The world has gone wrong.
I know this because I've spent more than a year reporting on it and writing books about how it has happened. A convoluted mess of greed, faulty politics, data harvesting, hacking, and espionage has combined with the weight of rising populism to create circumstances which are not only bewildering but often terrifying. And there is no simple cure, except in finding peace and community. In seeking nature, and the woods, and in leaving technology behind for a while.
In doing so, we can put more back into the world than many of us know.
I could have opened this with so many puns on current news and events, but I'm not branching out into comedy. Instead, I'm going out on a limb to suggest that we can collectively make like a tree and leaf it all behind.

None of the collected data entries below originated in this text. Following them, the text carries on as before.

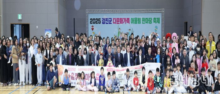 동네방네 김형규 기자 | 강진군이 지난달 25일 강진국민생활체육센터 제2실내체육관에서 ‘2025 강진군 다문화가족 어울림 한마당 축제’를 다문화가족과 이주노동자, 유학생 등 400여 명이 참여한 가운데 성황리에 마무리했다. 이번 행사는 강진군이 주최하고 강진군가족센터(센터장 조미아)가 주관했으며, 다양한 문화가 어우러지는 지역사회의 화합과 교류의 장으로 마련됐다.
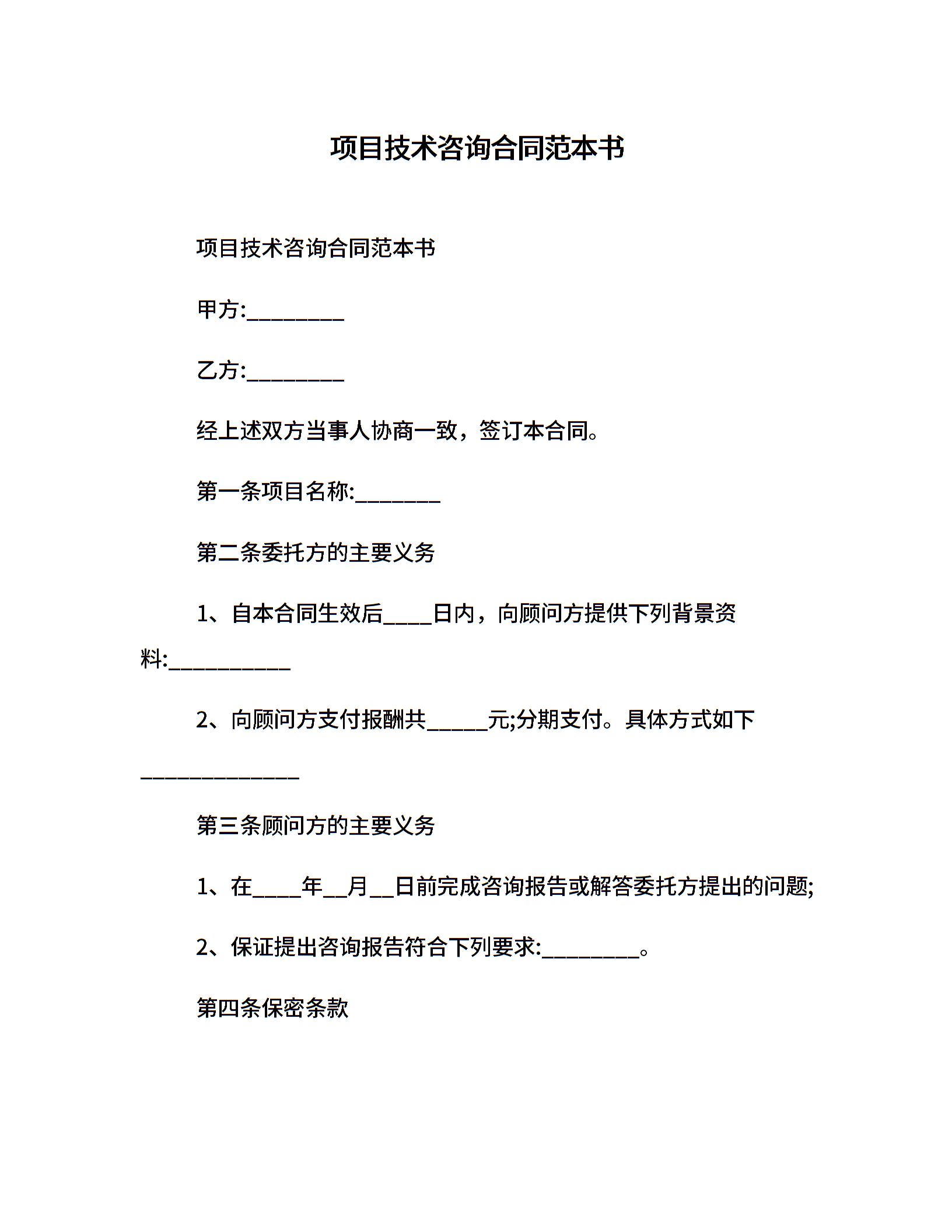 项目技术咨询合同范本书
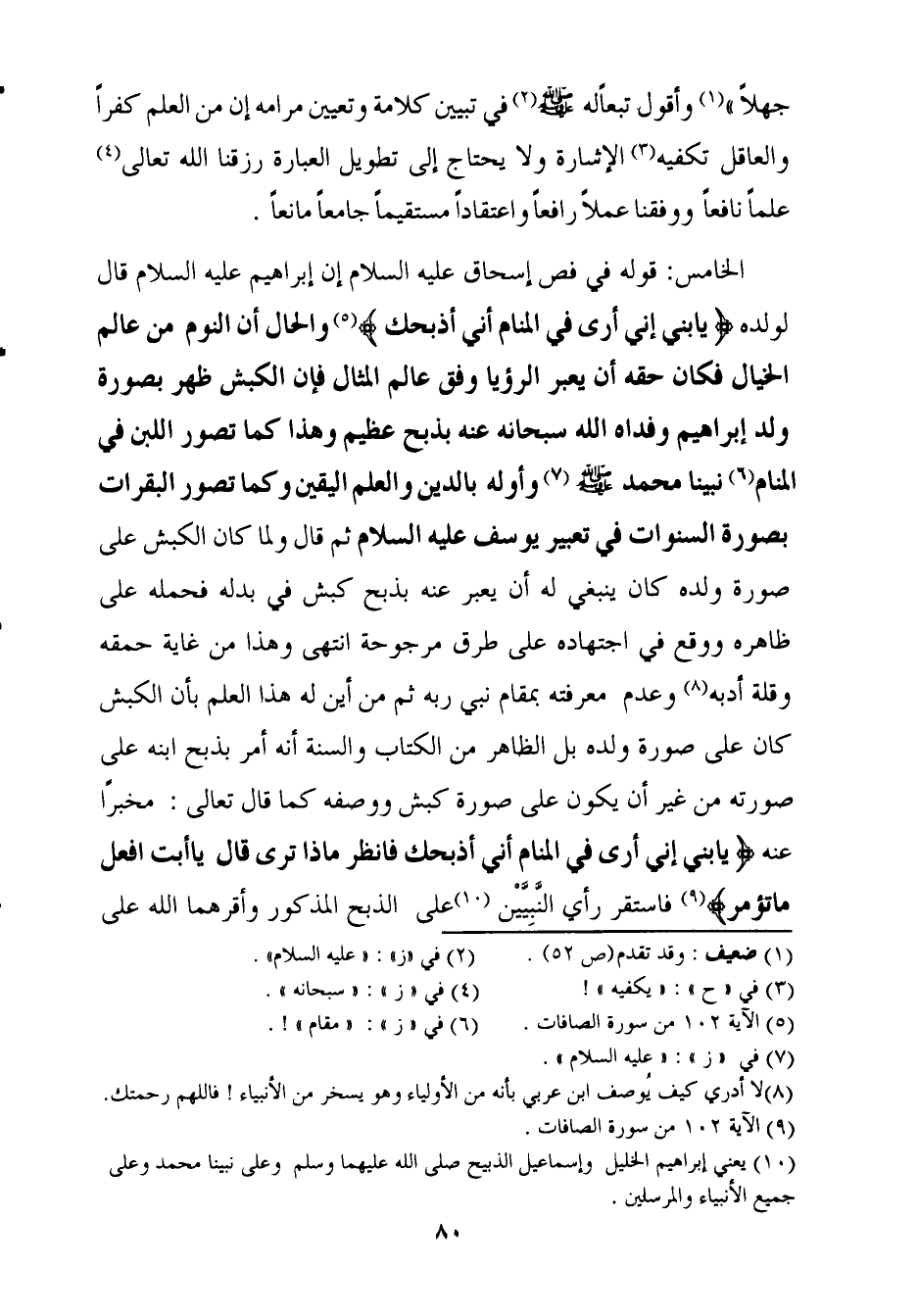 الْخَامِس قَوْله فِي فص إِسْحَاق عَلَيْهِ السَّلَام إِن إِبْرَاهِيم عَلَيْهِ السَّلَام قَالَ لوَلَده {يَا بني إِنِّي أرى فِي الْمَنَام أَنِّي أذبحك} وَالْحَال أَن النّوم من عَالم الخيال فَكَانَ حَقه أَن يعبر الرُّؤْيَا وفْق عَالم الْمِثَال فَإِن الْكَبْش ظهر بِصُورَة ولد إِبْرَاهِيم وفداه الله سُبْحَانَهُ عَنهُ بِذبح عَظِيم وَهَذَا كَمَا تصور اللَّبن فِي الْمَنَام نَبينَا مُحَمَّد صلى الله عَلَيْهِ وَسلم وأوله بِالدّينِ وَالْعلم وَالْيَقِين وكما تصور الْبَقَرَات بِصُورَة السنوات فِي تَعْبِير يُوسُف عَلَيْهِ السَّلَام ثمَّ قَالَ وَلما كَانَ الْكَبْش على صُورَة وَلَده كَانَ يَنْبَغِي لَهُ أَن يعبر عَنهُ بِذبح كَبْش فِي بدله فَحَمله على ظَاهره وَوَقع فِي اجْتِهَاده على طرق مرجوحة انْتهى وَهَذَا من غَايَة حمقه وَقلة أدبه وَعدم مَعْرفَته بمقام نَبِي ربه ثمَّ من أَيْن لَهُ هَذَا الْعلم بِأَن الْكَبْش كَانَ على صُورَة وَلَده بل الظَّاهِر من الْكتاب وَالسّنة أَنه أَمر بِذبح ابْنه على صورته من غير أَن يكون على صُورَة كَبْش وَوَصفه كَمَا قَالَ تَعَالَى مخبرا عَنهُ {يَا بني إِنِّي أرى فِي الْمَنَام أَنِّي أذبحك فَانْظُر مَاذَا ترى قَالَ يَا أَبَت افْعَل مَا تُؤمر} فاستقر رَأْي النَّبِيين على الذّبْح الْمَذْكُور وأقرهما الله على

Joking aside, this project is called The Hedge Fund because it is the antithesis of the type of investment which has ravaged us recently, vote by vote. And the idea is a simple one at heart: to invest a little in creating something with the potential to be a rather lovely antidote to what's happening around us.

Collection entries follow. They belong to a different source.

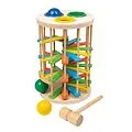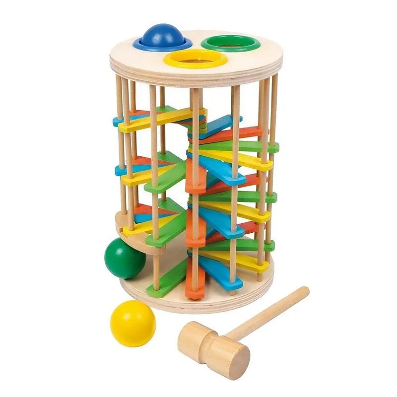 Das rummst und klackert so schön! Drei bunt lackierte Holzkugeln werden mit einem gezielten Hammerschlag ins Innere des großen Holzturms befördert, von wo sie mit fröhlichem Geklacker ihren Weg nach unten fortsetzen. Der Motorik-Turm ist ein Erlebnis für die K...
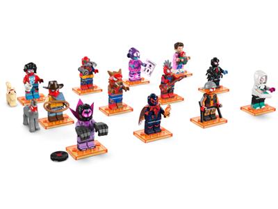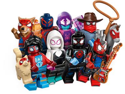 Kids aged 5+ can collect and build 12 different Spider-Man: Across the Spider-Verse minifigures in a LEGO mystery box, including Miles Morales, Spider-Gwen, and Spider-Punk, each with at least one accessory and a collector's leaflet for play or display.
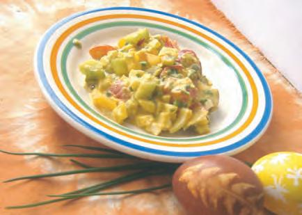 Postup: Vykoledovaná vejce oloupeme, okrájíme obarvené části bílku a vyhodíme všechna podezřelá vejce, která nevypadají čerstvě. S loupáním a krájením vajec na kostičky pomocí mřížky mohou pomáhat děti. Všechny suroviny nakrájíme nadrobno a v míse promícháme se zelenými natěmi a zálivkou. Podáváme vychlazené s pečivem jako lehkou večeři.
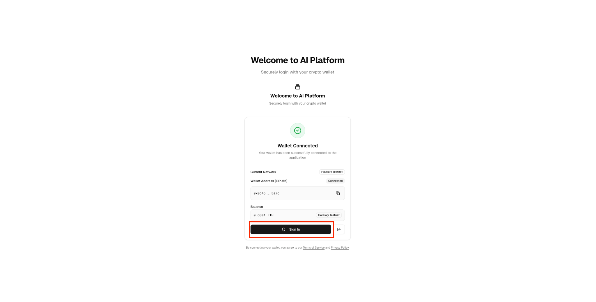3. 连接后,点击“Sign in”按钮,完成钱包确认
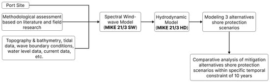 In Figure 1, a flowchart outlines the study methodology tailored to assess sediment transport conditions at the study site, considering the influence of wave direction [26]. The ultimate objective is to identify the most suitable protection alternatives to mitigate the occurring abrasion. The evaluation of this methodology encompasses the following sequential steps:
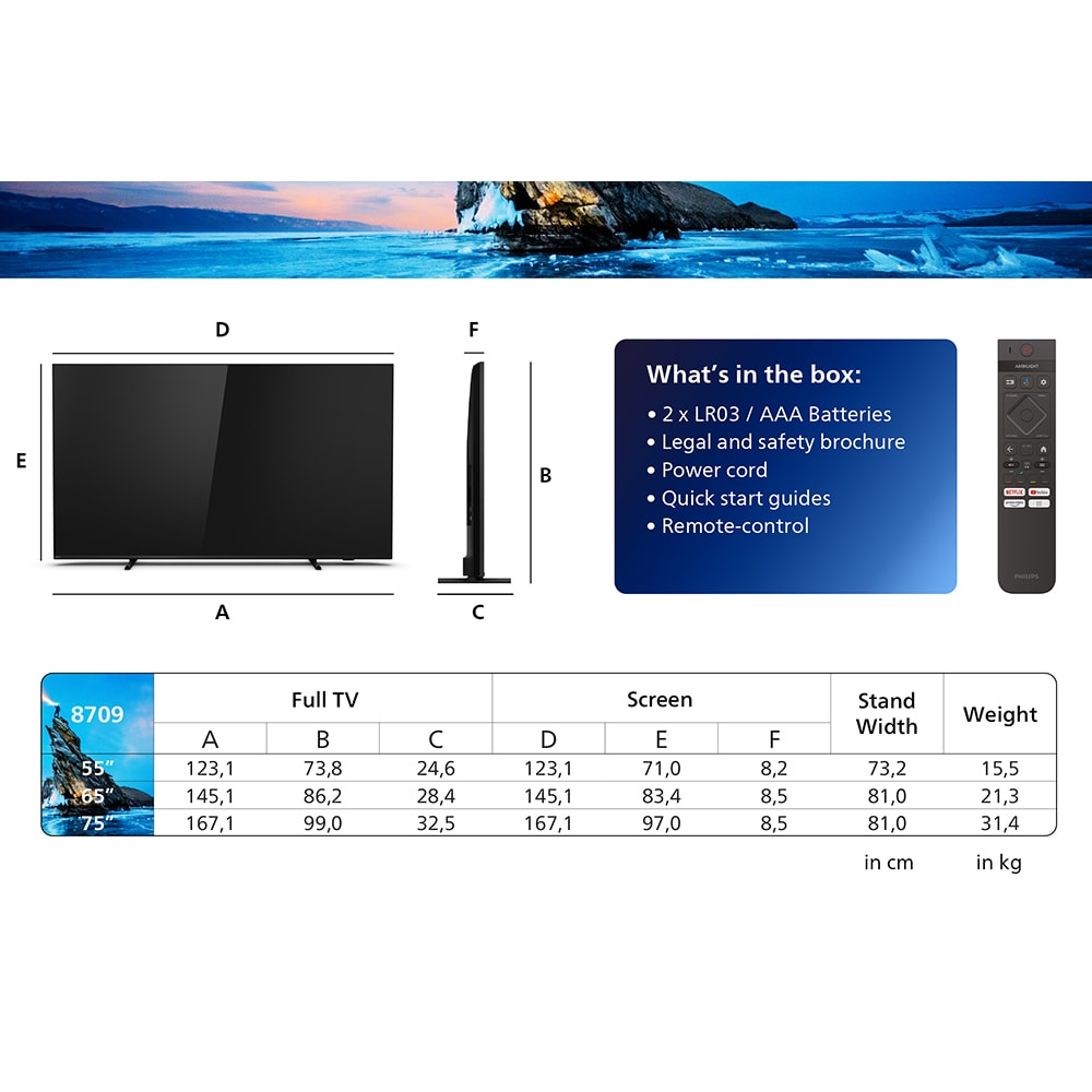 Televizor MiniLED Smart PHILIPS 55PML8709, Ultra HD 4K, 139cm
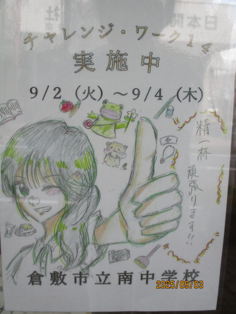 9/2-4(火‐木)にかけての3日間、昨年度に引き続き、倉敷市立南中学校チャレンジワークの受け入れを行いました。

The concept of the fund is to acquire, initially, one woodland to be managed traditionally. A place which will become home to a sustainable forestry environment, producing its own tools, timber, and the charcoal to fire a woodland forge. To provide quiet surroundings which can be visited and enjoyed, which can provide sanctuary and retreats. A place which may one day be home to a forest school and which will always provide bushcraft facilities.
Above all else, once a year, the aim will be to put on a show. A Midsummer Night's Dream in the woods. Because the world is the most under-used stage I know.
This is, in short, definitely not a for-profit project.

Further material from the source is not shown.